Scientists at the US’s Department of Energy’s Oak Ridge National Laboratory (ORNL) in Oak Ridge, Tennessee, have devised an electrochemical process for turning carbon dioxide into ethanol, which can be used to power cars and generators.  A team of researchers did so by creating a nanotechnology-based catalyst from carbon, copper and nitrogen. They then applied a very modest amount of electricity (just 1.2 volts) to trigger a complex chemical reaction that serves to reverse the process of combustion, during which a solution of carbon dioxide dissolved in water turned into ethanol, with a yield of 63%.

Good news? Most certainly. Especially so because the scientists hit upon the process by accident. “We discovered somewhat by accident that this material worked,” explained Adam Rondinone, the lead author of the team’s study, which was published in ChemistrySelect. “We were trying to study the first step of a proposed reaction when we realized that the catalyst was doing the entire reaction on its own.”

The scientists in their laboratory. Photo Credit: ORNL

The scientists in their laboratory. Photo Credit: ORNL

He elucidated: “We’re taking carbon dioxide, a waste product of combustion, and we’re pushing that combustion reaction backwards with very high selectivity to a useful fuel. Ethanol was a surprise – it’s extremely difficult to go straight from carbon dioxide to ethanol with a single catalyst.”

Better yet: The technique of converting CO2 into ethanol (of which billions of gallons are used a year in the US alone) relies on low-cost materials and can be performed at room temperature in water. In other words, it could be scaled up to industrial-level production with relative ease. “The catalyst’s novelty lies in its nanoscale structure, consisting of copper nanoparticles embedded in carbon spikes,” the researchers explain. “This nano-texturing approach avoids the use of expensive or rare metals such as platinum that limit the economic viability of many catalysts.”

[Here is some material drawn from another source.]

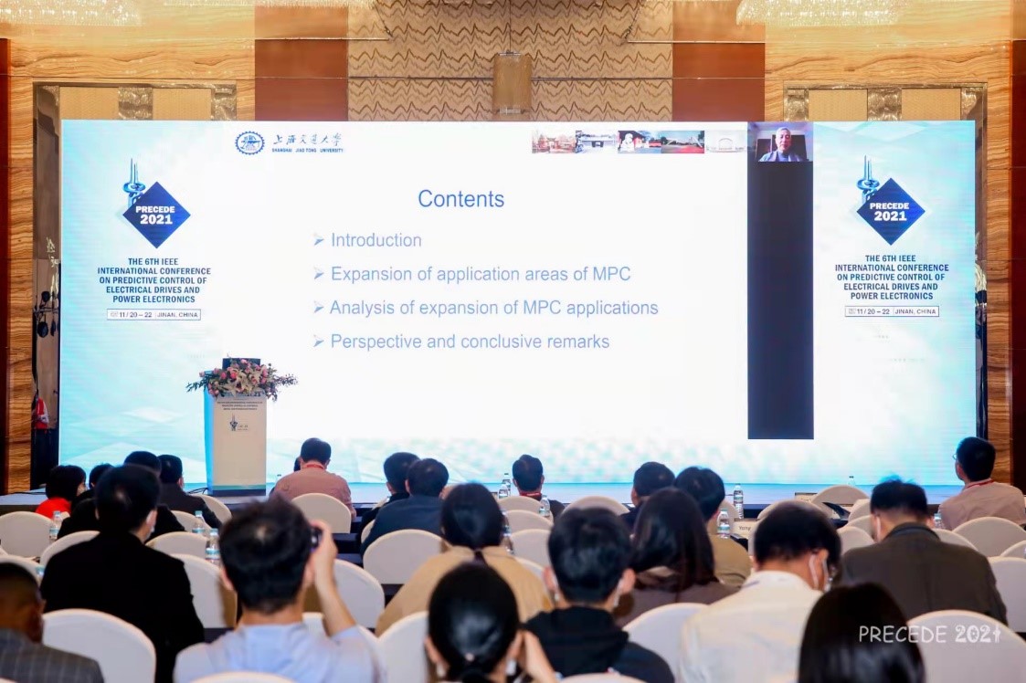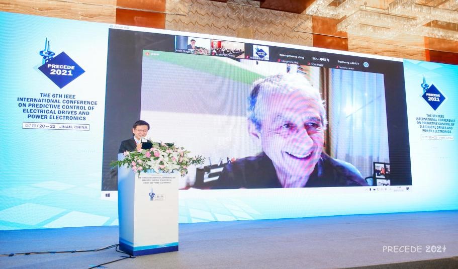 由电气与电子工程师协会(IEEE)主办,山东大学承办,慕尼黑工业大学、哈尔滨工业大学和中国科学院协办的2021年第六届电力电子与电驱系统预测控制国际会议(The 6th IEEE International Conference on Predictive Control of Electrical Drives and Power Electronics,IEEE-PRECEDE 2021),于2021年11月20日至22日在山东省济南市圆满召开。中国工程院院士、山东大学副校长李术才,哈尔滨工业大学前副校长徐殿国,智利工程院院士、安德烈斯·贝洛国立大学前校长Jose Rodriguez,IEEE-PRECEDE创会主席、德国慕尼黑工业大学教席教授Ralph Kennel,国家杰青、东南大学李世华教授等专家领导出席会议。会议为期3天,邀请了全球科研机构和企业的顶尖专家学者参会,就电力电子、电驱系统及新能源发电预测控制领域最新工程学术进展和热点问题进行深入探讨,促进技术交流和成果分享,推动电力装备制造业的发展和转型升级。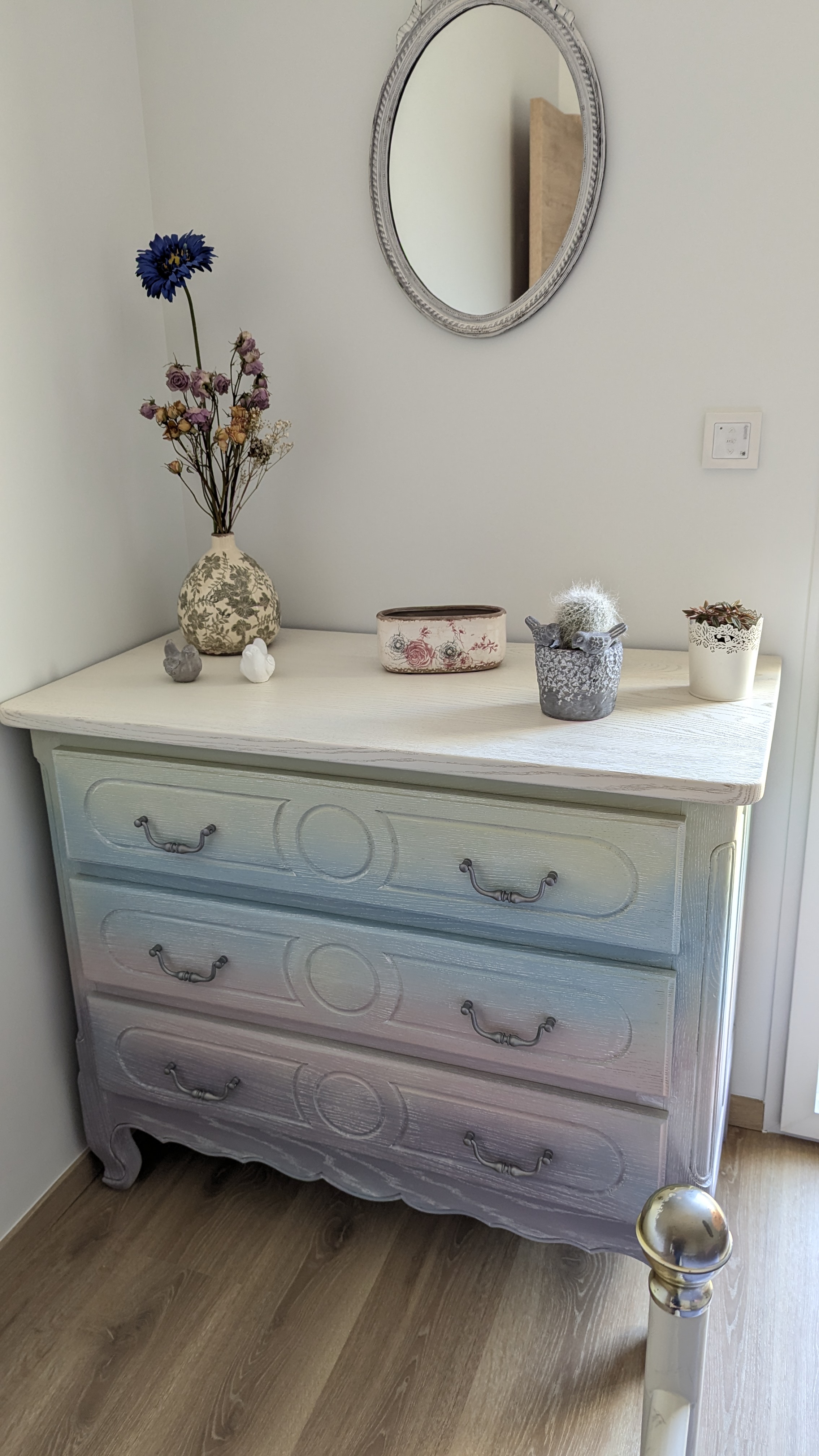 Artisane dans l'Orne, près de Flers (61) depuis 1997, je pratique la rénovation de meuble (relooking) et la rénovation de cuisine, je propose de décaper par aérogommage, j'utilise des patines et peintures spécifiques pour vos meubles en respectant vos choix et en vous conseillant tout en gardant l'esprit du meuble ancien.

“A process like this would allow you to consume extra electricity when it’s available to make and store as ethanol,” Rondinone noted. “This could help to balance a grid supplied by intermittent renewable sources,” such as wind and solar power.

This is just one of several promising projects that scientists worldwide are working on in efforts to try and suck some of the vast quantities of CO2 out of the atmosphere and put it to good use. The proposed solutions range from converting atmospheric CO2 into methanol fuel to locking CO2 up in solid rocks buried underground.